*** Opening Input for this task ***

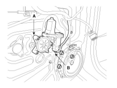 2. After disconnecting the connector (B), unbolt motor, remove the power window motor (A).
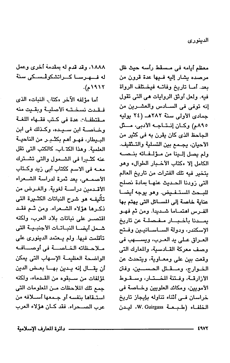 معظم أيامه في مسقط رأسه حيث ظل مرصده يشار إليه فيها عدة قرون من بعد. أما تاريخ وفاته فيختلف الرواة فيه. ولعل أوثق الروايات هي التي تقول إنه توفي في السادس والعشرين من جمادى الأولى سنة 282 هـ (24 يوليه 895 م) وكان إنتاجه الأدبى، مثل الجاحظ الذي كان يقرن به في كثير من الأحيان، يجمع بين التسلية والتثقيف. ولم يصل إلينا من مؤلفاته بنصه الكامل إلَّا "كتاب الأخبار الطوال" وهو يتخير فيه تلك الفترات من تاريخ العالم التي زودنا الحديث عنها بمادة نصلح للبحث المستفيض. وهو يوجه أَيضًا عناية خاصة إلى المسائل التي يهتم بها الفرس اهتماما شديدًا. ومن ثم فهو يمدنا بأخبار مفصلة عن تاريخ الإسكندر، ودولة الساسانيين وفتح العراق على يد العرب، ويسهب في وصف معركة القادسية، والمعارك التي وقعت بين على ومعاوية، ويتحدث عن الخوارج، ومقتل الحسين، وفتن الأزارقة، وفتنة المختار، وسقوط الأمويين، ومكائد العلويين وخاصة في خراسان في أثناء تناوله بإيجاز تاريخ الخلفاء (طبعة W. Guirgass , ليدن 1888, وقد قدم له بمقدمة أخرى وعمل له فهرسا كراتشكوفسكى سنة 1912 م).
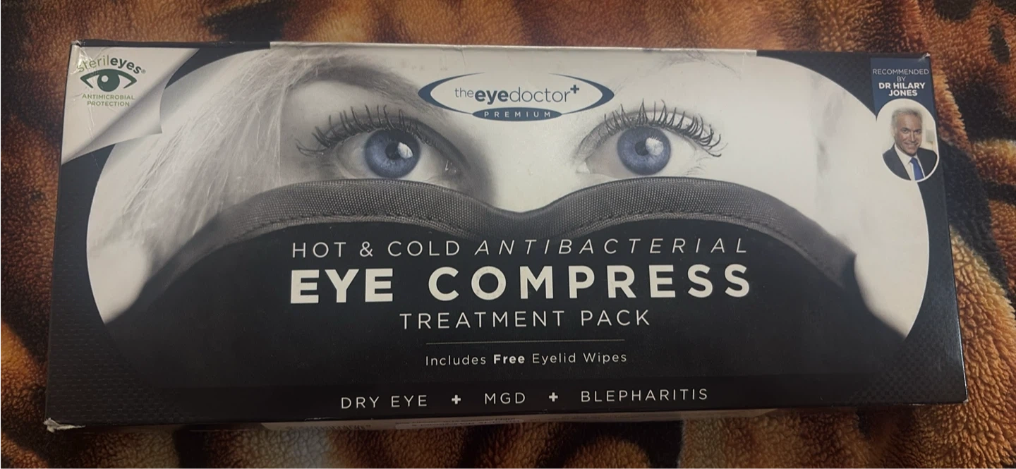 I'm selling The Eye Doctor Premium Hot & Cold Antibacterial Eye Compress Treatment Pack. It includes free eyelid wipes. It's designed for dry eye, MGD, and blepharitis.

*** Closing Input for this task ***
*** Opening Input for this task ***

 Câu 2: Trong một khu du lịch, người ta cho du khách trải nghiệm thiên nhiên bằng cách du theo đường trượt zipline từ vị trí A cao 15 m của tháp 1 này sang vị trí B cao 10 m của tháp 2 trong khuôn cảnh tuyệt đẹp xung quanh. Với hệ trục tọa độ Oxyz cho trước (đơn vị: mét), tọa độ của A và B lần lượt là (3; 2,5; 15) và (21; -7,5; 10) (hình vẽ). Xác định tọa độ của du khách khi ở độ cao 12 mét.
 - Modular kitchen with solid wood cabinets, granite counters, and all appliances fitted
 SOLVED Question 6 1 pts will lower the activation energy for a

*** Closing Input for this task ***
*** Opening Input for this task ***

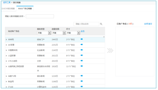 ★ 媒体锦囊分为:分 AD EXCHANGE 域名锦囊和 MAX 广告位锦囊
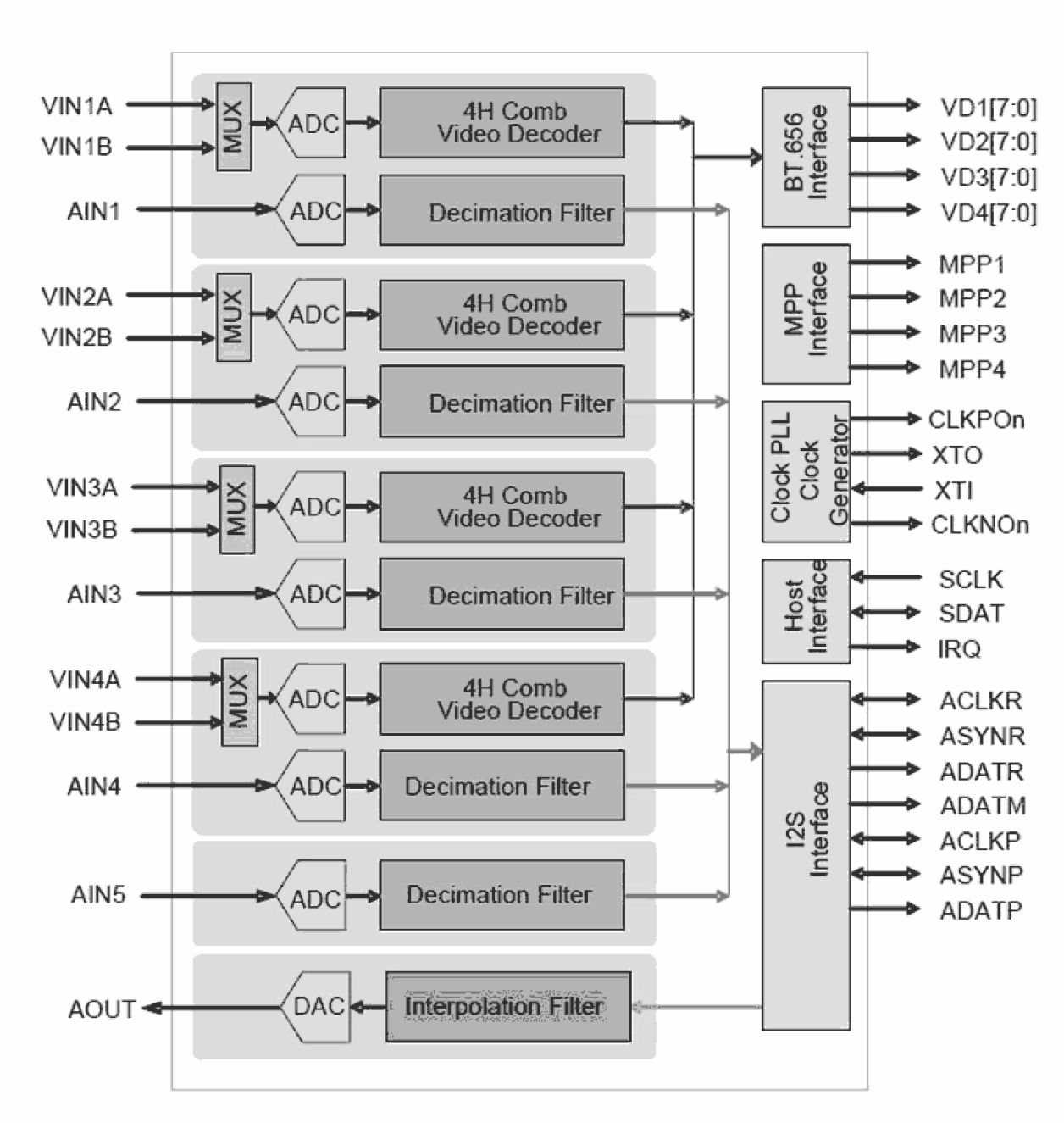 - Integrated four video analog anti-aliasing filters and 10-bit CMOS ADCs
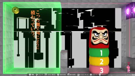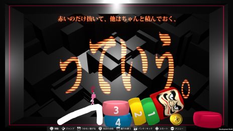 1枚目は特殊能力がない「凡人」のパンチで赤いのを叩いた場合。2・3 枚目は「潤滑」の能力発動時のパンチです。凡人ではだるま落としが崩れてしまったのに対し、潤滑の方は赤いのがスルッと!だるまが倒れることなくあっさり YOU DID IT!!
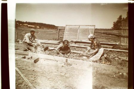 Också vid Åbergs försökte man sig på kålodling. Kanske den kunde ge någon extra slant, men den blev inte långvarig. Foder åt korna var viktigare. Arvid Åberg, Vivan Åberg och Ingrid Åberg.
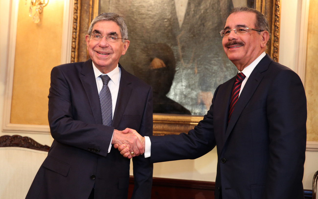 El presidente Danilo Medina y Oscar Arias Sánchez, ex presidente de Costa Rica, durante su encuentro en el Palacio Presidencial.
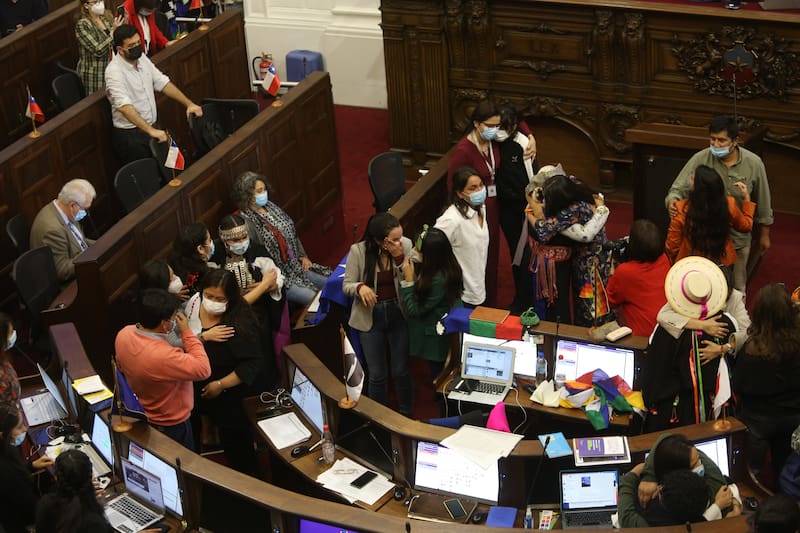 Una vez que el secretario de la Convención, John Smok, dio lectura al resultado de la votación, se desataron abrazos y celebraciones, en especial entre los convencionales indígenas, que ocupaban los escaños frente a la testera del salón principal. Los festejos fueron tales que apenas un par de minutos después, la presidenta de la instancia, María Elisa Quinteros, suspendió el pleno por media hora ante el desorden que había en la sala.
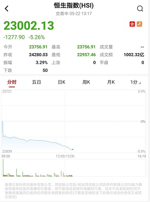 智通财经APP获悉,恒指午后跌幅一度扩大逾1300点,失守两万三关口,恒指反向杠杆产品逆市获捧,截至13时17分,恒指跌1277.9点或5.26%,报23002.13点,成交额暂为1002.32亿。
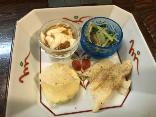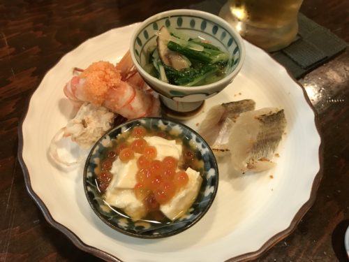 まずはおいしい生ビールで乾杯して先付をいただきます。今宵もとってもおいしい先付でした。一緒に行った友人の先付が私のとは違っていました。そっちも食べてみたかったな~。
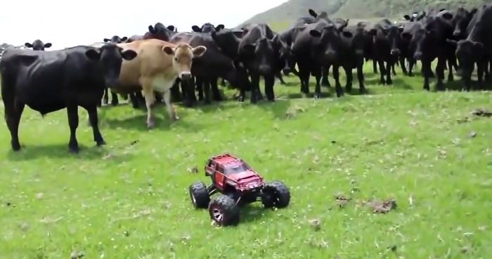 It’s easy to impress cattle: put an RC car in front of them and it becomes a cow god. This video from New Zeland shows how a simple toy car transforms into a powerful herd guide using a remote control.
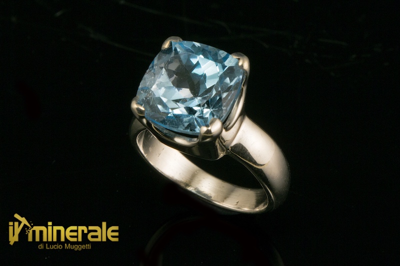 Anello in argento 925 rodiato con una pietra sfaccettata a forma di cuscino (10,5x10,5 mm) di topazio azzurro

*** Closing Input for this task ***

→ Task requirements:
Above are records; write out the lines from the one with "معظم أيامه في" down to the one with "I'm selling The", exactly, leaving the pictures out.

→ Result for this exercise:
 معظم أيامه في مسقط رأسه حيث ظل مرصده يشار إليه فيها عدة قرون من بعد. أما تاريخ وفاته فيختلف الرواة فيه. ولعل أوثق الروايات هي التي تقول إنه توفي في السادس والعشرين من جمادى الأولى سنة 282 هـ (24 يوليه 895 م) وكان إنتاجه الأدبى، مثل الجاحظ الذي كان يقرن به في كثير من الأحيان، يجمع بين التسلية والتثقيف. ولم يصل إلينا من مؤلفاته بنصه الكامل إلَّا "كتاب الأخبار الطوال" وهو يتخير فيه تلك الفترات من تاريخ العالم التي زودنا الحديث عنها بمادة نصلح للبحث المستفيض. وهو يوجه أَيضًا عناية خاصة إلى المسائل التي يهتم بها الفرس اهتماما شديدًا. ومن ثم فهو يمدنا بأخبار مفصلة عن تاريخ الإسكندر، ودولة الساسانيين وفتح العراق على يد العرب، ويسهب في وصف معركة القادسية، والمعارك التي وقعت بين على ومعاوية، ويتحدث عن الخوارج، ومقتل الحسين، وفتن الأزارقة، وفتنة المختار، وسقوط الأمويين، ومكائد العلويين وخاصة في خراسان في أثناء تناوله بإيجاز تاريخ الخلفاء (طبعة W. Guirgass , ليدن 1888, وقد قدم له بمقدمة أخرى وعمل له فهرسا كراتشكوفسكى سنة 1912 م).
 I'm selling The Eye Doctor Premium Hot & Cold Antibacterial Eye Compress Treatment Pack. It includes free eyelid wipes. It's designed for dry eye, MGD, and blepharitis.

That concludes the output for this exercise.